In the past eight years, recent high resolution near-infrared studies have observed a compact cluster of stars surrounding the radio position of Sgr A*. These stars have very large proper motions considering thier 8 kpc (24 million light years) distance from the Earth. The two main groups devoted to tracking these stars include Andrea Ghez and others at UCLA who have been using the 10-m Keck telescope on Mauna Kea, Hawaii and Genzel & Eckart who use the 3.5-m NTT telescope in La Silla, Chile. Both groups take advantage of the high spatial resolution and sensitivity of these large telescopes to track the positions of the stars within the cluster using near-infrared images collected once or twice a year.

Despite Keck's large diameter, air turbulence in the Earth's atmosphere blurs the image and therefore greatly reduces its detail and ability to distinguish between the stars in the tightly packed cluster. There are two ways to get around this problem: speckle interferometry and adaptive optics. Speckle interferometry involves collecting stacks of images with very short exposure times which effectively freezes the atmosphere resulting in a pattern of diffraction limited speckles. Then, in post processing, the high resolution information is recovered by shifting and adding onto the brightest speckle within the speckle pattern to produce a PSF with a diffraction limited core and seeing halo. Adaptive Optics (AO) uses a deformable mirror which mimics the shape of the incoming lightwave and corrects for the atmospheric turbulence before the data is recorded.

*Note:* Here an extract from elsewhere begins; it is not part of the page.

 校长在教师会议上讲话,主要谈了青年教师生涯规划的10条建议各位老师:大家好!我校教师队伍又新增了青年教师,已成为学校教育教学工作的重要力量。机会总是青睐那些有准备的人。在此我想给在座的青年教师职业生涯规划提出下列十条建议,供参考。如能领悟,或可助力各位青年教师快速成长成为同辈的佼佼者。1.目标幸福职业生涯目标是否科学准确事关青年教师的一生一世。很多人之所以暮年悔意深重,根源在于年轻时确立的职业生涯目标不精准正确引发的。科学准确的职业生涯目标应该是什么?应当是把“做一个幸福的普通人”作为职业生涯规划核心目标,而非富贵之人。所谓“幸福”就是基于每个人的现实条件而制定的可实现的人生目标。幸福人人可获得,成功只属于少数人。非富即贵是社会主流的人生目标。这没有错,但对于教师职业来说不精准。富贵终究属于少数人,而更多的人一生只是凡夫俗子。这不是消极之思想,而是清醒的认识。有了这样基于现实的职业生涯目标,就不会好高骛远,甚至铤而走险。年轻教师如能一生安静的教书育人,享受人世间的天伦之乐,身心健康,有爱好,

In both cases, very accurate stellar positions can be estimated in order to kept track of the motions of the stars in the compact central cluster which are zipping around Sgr A* at speeds up to 1400 km/s (3,000,000 mph)! Using Kepler's laws of motion, we use the orbital velocities and positions of the bright stars to estimate the mass that must be contained within their orbits. The resulting enclosed mass of 2.6X10^6 times the mass of the sun, combined with the minute size of Sgr A* constraint provided by the radio emission, suggests that the stars must be swiftly circling around a supermassive black hole. In fact, the large number of observations of the stars orbiting the black hole has allowed us to provide the first even detection of the accelerations of the stars in the central cluster.

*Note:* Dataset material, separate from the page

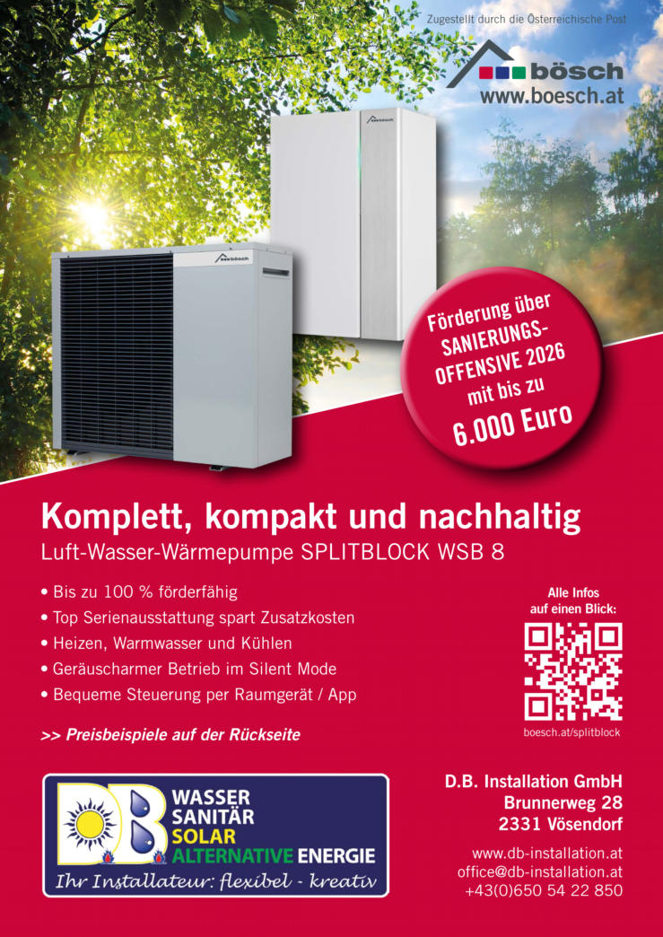 Sanierungsoffensive 2026!Registrierung und Antragstellung zur Sanierungsoffensive 2026 gestartet!Mehr Information erhalten Sie hier!In Zusammenarbeit mit der Firma BÖSCH haben wir ein Top-Angebot für Sie! Sie haben Interesse an einem Umstieg auf eine Luft/Wasser-Wärmepumpe? Kontaktieren Sie uns - wir beraten Sie gerne!

Now that we believe there is a supermassive black hole at the center of our galaxy, we can attempt to understand its other mysterious properties including a lack of high energy emission like that seen in other active galactic nuclei. The emission properties of Sgr A* have long been a subject for discussion among many theorists who attempt to use a variety of different physical phenomena to model its spectrum from the X-ray to the radio.

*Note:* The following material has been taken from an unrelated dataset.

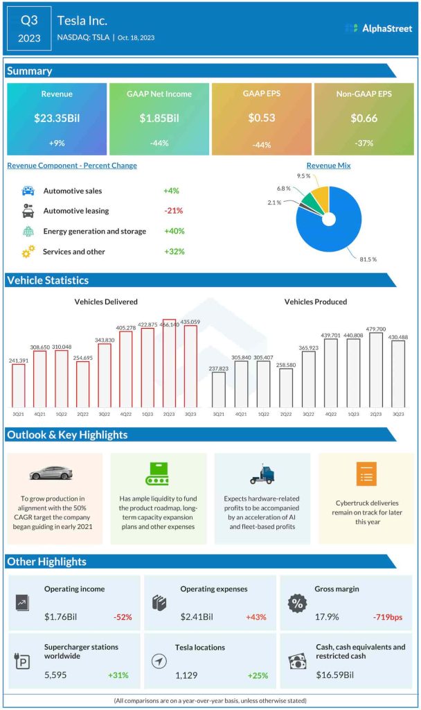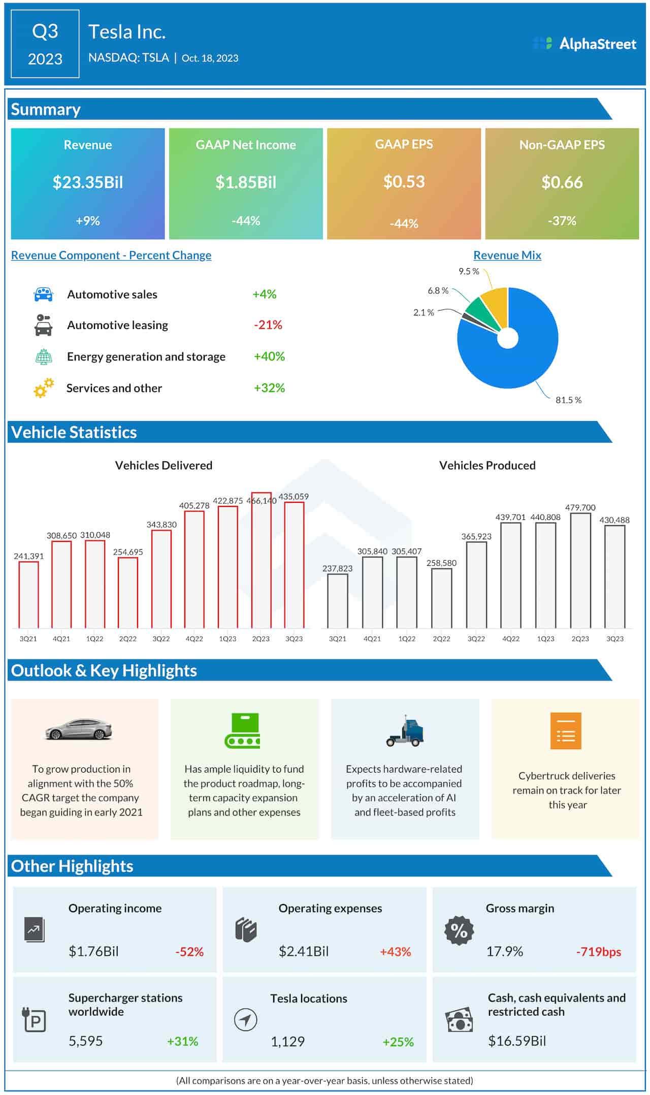 The Austin-based car maker reported revenues of $23.4 billion for the third quarter, which is up 9% year-over-year. It produced a total of 430,488 vehicles during the three-month period and delivered 435,059 units, which is lower than the prior-quarter numbers.

Recent observations of a sample of nearby galaxies reveal that such supermassive black holes are not unique to the Milky Way. The formation of such a large black hole and how it affects the evolution of its host galaxy are not well understood, nor is the connection between the black hole in the Milky Way and those believed to exist in the cores of AGN's, which emit a huge amount of radiation from their nuclei at many different wavelengths. However, in the case of Sgr A*, there is a mysterious absence of the high energy emission (X-ray and ultra-violet radiation for example) often observed from AGN's. To further investigate how the brightness of Sgr A* changes with wavelength, Ghez and Morris are currently trying to measure the luminosity of Sgr A* in the near and mid-infrared. Their result will have implications for the type of physical processes occurring in and around the black hole.